3rd century fragment of John’s gospel offered on eBay

3rd century fragment of John’s gospel offered on eBay December 14, 2015

A priceless fragment of the Greek New Testament, a text from St. John’s gospel, was discovered on eBay, with an opening bid of $99.  (Similar texts have sold for $500,000.)  A relative of a deceased Bible scholar and collector came into possession of the document, not really knowing what he had.  Another scholar saw the eBay offering, contacted the seller, and persuaded him to pull the auction and make it available for study.  It turns out that the fragment is especially significant because it appears to come from a scroll, whereas all other ancient New Testament texts are from the book-like pages of a codex.
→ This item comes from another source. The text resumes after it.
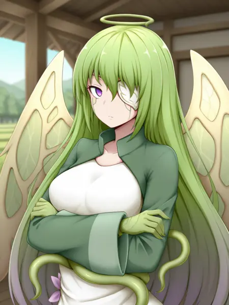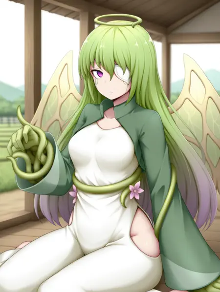 라텔, 녹색 머리, 긴 머리, 보라색 눈, 식물 소녀, 천사 날개, 녹색 날개, 노랑색 날개, 얼굴 문신, (식물 팔), (plant_hands), (녹색 손), (텐타클 손), 안대, 긴 흰 드레스, 옷 컷아웃, 녹색 재킷, 넓은 소매,

From Jennifer Schuessler Greek New Testament Papyrus Is Discovered on eBay – The New York Times:

Last January, Geoffrey Smith, a scholar of early Christianity at the University of Texas, noticed something startling: an eBay listing for an ancient Greek papyrus fragment of the Gospel of John — with an opening bid of only $99.

“I thought, This can’t be allowed to sell on eBay,” Dr. Smith said. “It will just disappear into a private collection.”

Dr. Smith contacted the seller and urged him to halt the online auction — apparently the first on eBay for a Greek New Testament papyrus, he and other scholars said — and let him study the fragment. The seller agreed, and now, on Saturday, Mr. Smith will present his research at the annual conference of the Society of Biblical Literature in Atlanta.

The credit-card-size papyrus, which Dr. Smith dates from around A.D. 250 to A.D. 350, contains about six lines of the Gospel of John on one side and an unidentified Christian text on the other. If Dr. Smith’s analysis is correct, it is the only known Greek New Testament papyrus from an unused scroll rather than a codex, the emerging book technology that early Christians, in sharp contrast to their Jewish and pagan contemporaries, preferred for their texts.

That adds an interesting wrinkle, scholars say, to the story of the rise of the codex, the book as we know it today. But the dramatic story of the papyrus’s emergence also speaks to a distinctly 21st-century technological anxiety.